• Description of the task:
Leave every picture out, and print the full listing again exactly.

---------- Recorded data

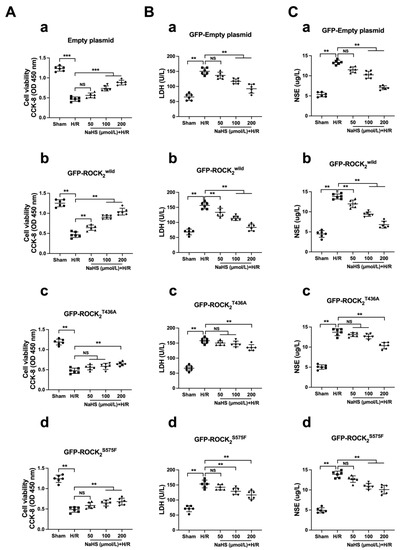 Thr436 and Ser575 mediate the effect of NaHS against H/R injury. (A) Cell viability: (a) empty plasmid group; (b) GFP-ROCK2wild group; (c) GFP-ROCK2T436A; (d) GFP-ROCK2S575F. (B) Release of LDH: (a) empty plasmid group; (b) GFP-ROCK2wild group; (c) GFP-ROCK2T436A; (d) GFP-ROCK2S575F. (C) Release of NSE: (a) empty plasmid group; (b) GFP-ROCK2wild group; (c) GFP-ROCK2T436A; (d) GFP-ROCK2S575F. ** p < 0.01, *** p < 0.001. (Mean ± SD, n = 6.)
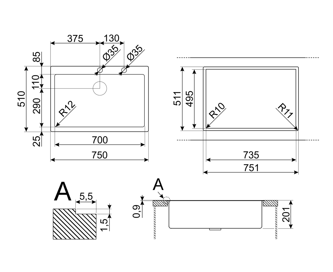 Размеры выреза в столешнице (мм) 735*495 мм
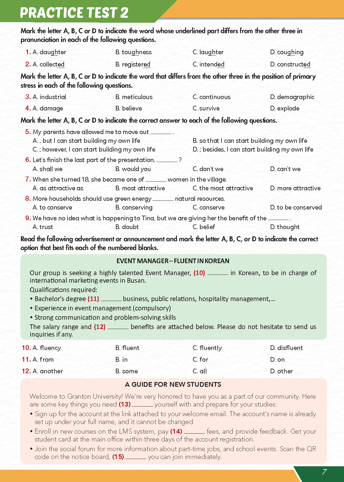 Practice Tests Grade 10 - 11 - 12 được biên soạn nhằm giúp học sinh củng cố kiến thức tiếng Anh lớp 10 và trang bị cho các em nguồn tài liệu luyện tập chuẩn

--------------------

• Response to this exercise:
 Thr436 and Ser575 mediate the effect of NaHS against H/R injury. (A) Cell viability: (a) empty plasmid group; (b) GFP-ROCK2wild group; (c) GFP-ROCK2T436A; (d) GFP-ROCK2S575F. (B) Release of LDH: (a) empty plasmid group; (b) GFP-ROCK2wild group; (c) GFP-ROCK2T436A; (d) GFP-ROCK2S575F. (C) Release of NSE: (a) empty plasmid group; (b) GFP-ROCK2wild group; (c) GFP-ROCK2T436A; (d) GFP-ROCK2S575F. ** p < 0.01, *** p < 0.001. (Mean ± SD, n = 6.)
 Размеры выреза в столешнице (мм) 735*495 мм
 Practice Tests Grade 10 - 11 - 12 được biên soạn nhằm giúp học sinh củng cố kiến thức tiếng Anh lớp 10 và trang bị cho các em nguồn tài liệu luyện tập chuẩn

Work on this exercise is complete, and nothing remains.